São Paulo, domingo, 03 de novembro de 2002

Texto Anterior | Próximo Texto | Índice

BARRICADAS

O efeito dessas extensas reflexões é misto. Analisando a opção pelo comunismo em um nível muito geral, da Revolução de Outubro [em 1917" até o fim da guerra, Hobsbawm oferece uma defesa e uma ilustração eloquentes do que ela significou para aqueles que a fizeram, alternando observação social com exemplos individuais, heróicos ou banais. Sua ênfase recai em um etos de obediência abnegada e praticidade -"eficiência empresarial", como ele diz- como a verdadeira marca da Terceira Internacional.
"Os partidos comunistas não eram para os românticos. Pelo contrário, eram para a organização e a rotina... O segredo do Partido Leninista não estava em sonhar com erguer-se sobre as barricadas, tampouco na teoria marxista. Ele pode ser resumido em duas frases: "As decisões devem ser verificadas" e "disciplina partidária". O apelo do partido era que ele realizava as coisas, quando outros não o faziam."
Historicamente, deve-se dizer, essa imagem é estranhamente tendenciosa. Um movimento que contava com revolucionários como Serge ou Trótski, Roy ou Mariátegui, Sneevliet ou Sorge, não era para românticos? Nesse sentido, e Mao Tse-tung -por bem ou por mal uma figura da história do comunismo maior que qualquer dos leais funcionários ou militantes europeus aos quais somos apresentados aqui?
Na verdade, Hobsbawm o condenou alhures precisamente como um "romântico". A realidade é que uma contraposição das barricadas e da teoria à eficiência empresarial e a realizar as coisas é retórica "ex post facto", que no máximo indica algo da auto-imagem do Comintern europeu stalinizado pós-1926, em que o próprio Hobsbawm se formou, mas não capta adequadamente nem sequer suas ambiguidades. O culto da rotina obstinada e da praticidade, como expresso aqui, era com frequência apenas mais uma forma de romantismo, e de modo nenhum sempre a mais eficaz. Felizmente o próprio Hobsbawm não o praticou constantemente, como deixa claro seu inspirador retrato do revolucionário austríaco Franz Marek, o núcleo moral de suas reflexões sobre "ser comunista".
Quais eram então suas convicções como indivíduo, não mais na época do Comintern, dissolvido em 1943, mas do Cominform [agência de informação (1947-1956) constituída pelos partidos comunistas da Bulgária, Tchecoslováquia, França, Hungria, Itália, Polônia, Romênia, União Soviética e Iugoslávia" montado por Zhdanov em 1947 para atuar no auge da Guerra Fria? Não é fácil dizer.
Em parte porque "Tempos Interessantes" evita qualquer cronologia demasiado meticulosa ao discutir o comunismo do autor.
Sua meditação geral sobre a experiência comunista, que se estende sem datas mais ou menos de Lênin até Gorbatchov, é colocada imediatamente depois de seu relato de Cambridge, antes mesmo da guerra. Quando ele retoma o assunto em sua história pessoal, é para evocar a atitude dos intelectuais no partido britânico sobre os desenvolvimentos do período do Cominform que o incomodavam: a excomunhão de Tito, os julgamentos farsescos de Kostov, Rajk e Slansky.

COLAPSO NERVOSO


"Ainda pertenço ao final da primeira geração de comunistas, aqueles para quem a Revolução de Outubro era o ponto de referência central no universo político"

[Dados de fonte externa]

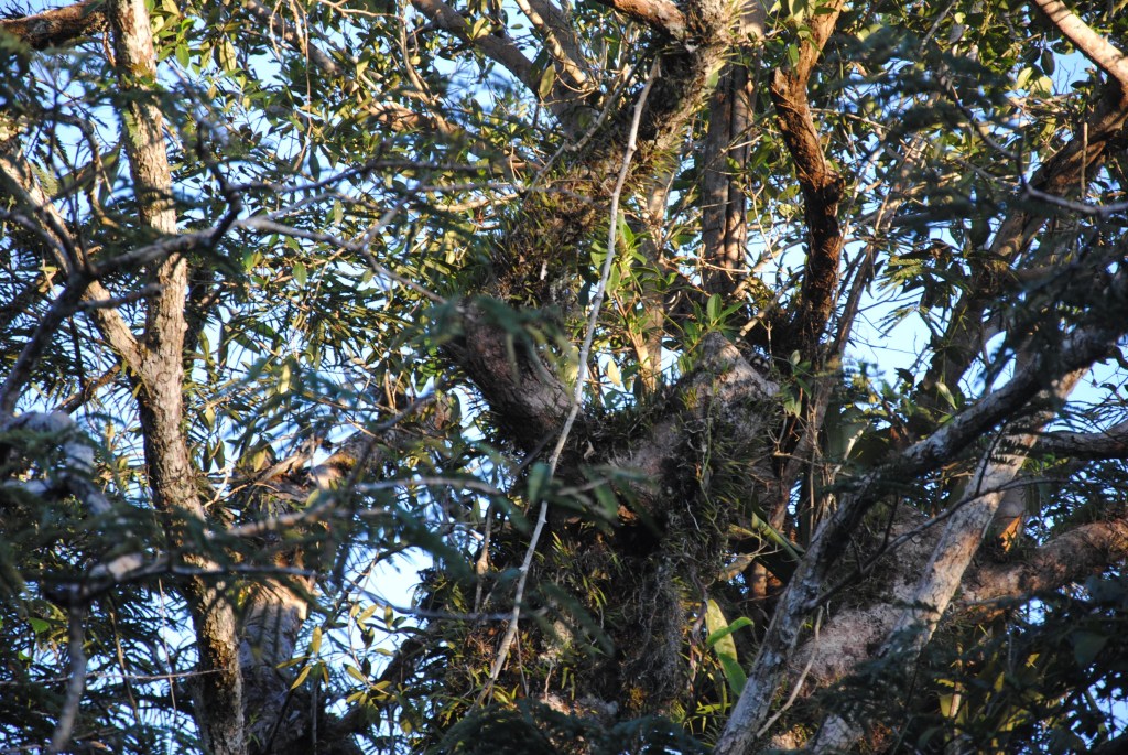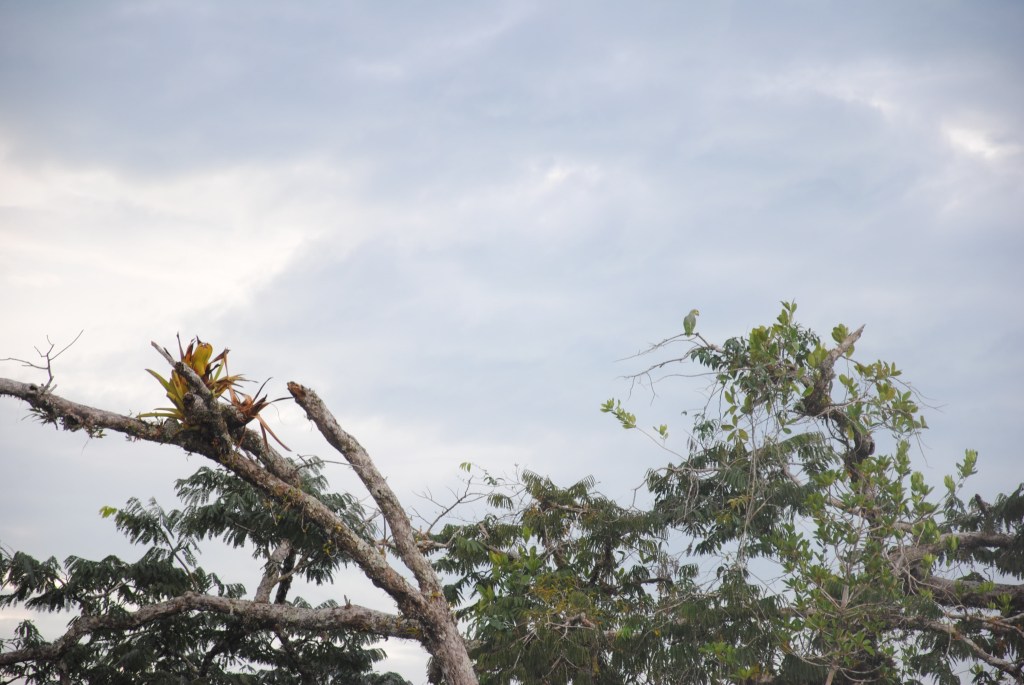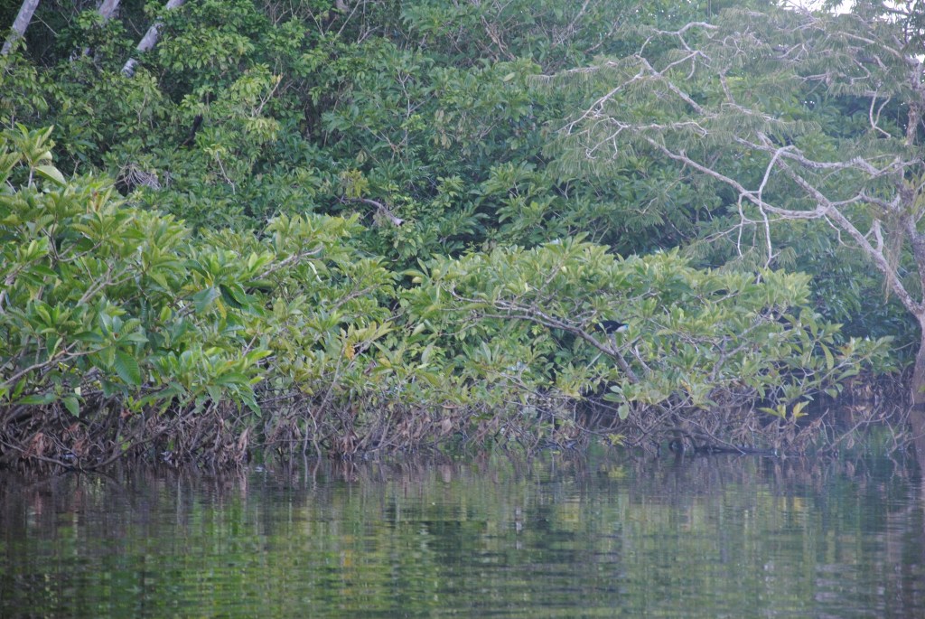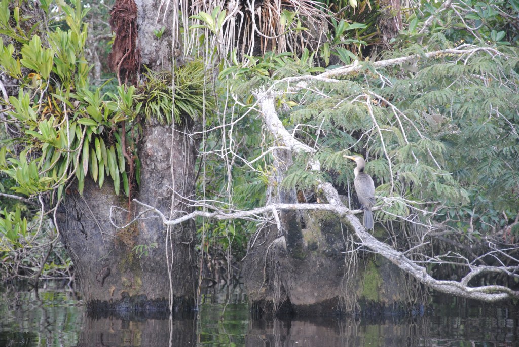 Nous rentrons faire la sieste au Siona, laissant l’unique couple de touristes présents au “Cuyabeno lodge” avec leur charmante voisine. À 16h30, l’infatigable Jacob sonne le rassemblement pour une nouvelle expédition, à la recherche des paresseux. Comme si nous n’avions pas eu notre dose de découvertes pour la journée! Afin d’être concentrés sur le repérage de ces curieuses bêtes nonchalantes, nous prenons le canot à moteur de Sergio, qui nous guide à travers les rivières alimentant la lagune. En chemin, nous croisons un joli petit perroquet vert à gorge jaune, ainsi qu’un austère cormoran, qui plonge dans les eaux brunes à notre approche.

Aqui também a referência é insistentemente coletiva: "O que poderíamos pensar?", "nenhum de nós acreditava", "claramente subestimamos", "pessoas como eu", "nós também admitimos".
Das opiniões pessoais de Hobsbawm pouco ficamos sabendo, além de seu ceticismo de que Basil Davidson pudesse ter sido um agente britânico, como foi acusado juntamente com Rajk, já que sua carreira foi prejudicada na Guerra Fria. Não há pistas de sua opinião sobre os julgamentos de Moscou que destruíram os "velhos bolcheviques" e definiram o padrão para as continuações em Sófia, Budapeste e Praga depois da guerra. Ele nunca cita alguma leitura da considerável literatura em torno desses eventos. A essência de seu relato é que os comunistas britânicos, ou pelo menos os intelectuais do partido, não acreditavam nas versões oficiais de nada disso. Não é exatamente a mesma coisa que saber que eram um monte de mentiras, já que também circulavam versões não-oficiais.
Quando Kruschov finalmente expôs as fundações e todo o grotesco edifício das confissões nas câmaras de tortura de Stálin, Hobsbawm salienta o choque que essas revelações -que, é claro, continham pouco que ainda não se soubesse amplamente do lado de fora-causaram ao movimento comunista internacional. "O motivo é óbvio", ele escreve. "Não nos contaram a verdade sobre algo que afetaria a própria natureza do credo comunista." Mesmo que, mais uma vez, o pronome deixe uma margem de ambiguidade, a implicação deve ser a de que Hobsbawm de certa forma continuara acreditando na honra de Stálin.
De que maneira? A construção da narrativa torna impossível adivinhar. O que fica claro é que se esperava que a palavra da autoridade trouxesse a verdade, e não fontes independentes criticamente verificadas. Em todos os aspectos, o militante e o historiador permaneceram identidades separadas.
A crise que o discurso de Kruschov, em abril de 1956 -seguido poucos meses depois pela revolta húngara- , desencadeou no PC britânico é descrita por Hobsbawm com uma imagem de agitada emoção. "Durante mais de um ano os comunistas britânicos viveram à beira do equivalente político de um colapso nervoso coletivo." O grupo de historiadores do partido, do qual ele era então presidente, se tornou o centro da oposição à oficialidade, e virtualmente todos os seus membros, com exceção dele próprio, haviam deixado o partido no verão de 1957. Por que ficou? Hobsbawm dá duas respostas e um comentário.
"Não entrei no comunismo como um jovem britânico na Inglaterra, mas como um europeu central na República de Weimar em colapso. E cheguei a ele quando ser comunista significava não apenas combater o fascismo, mas fazer a revolução mundial. Ainda pertenço ao final da primeira geração de comunistas, aqueles para quem a Revolução de Outubro era o ponto de referência central no universo político." Portanto, ele escreve, "para alguém que aderiu ao movimento no lugar de onde vim e quando o fiz, simplesmente era mais difícil romper com o partido do que para aqueles que vieram depois e de outros lugares".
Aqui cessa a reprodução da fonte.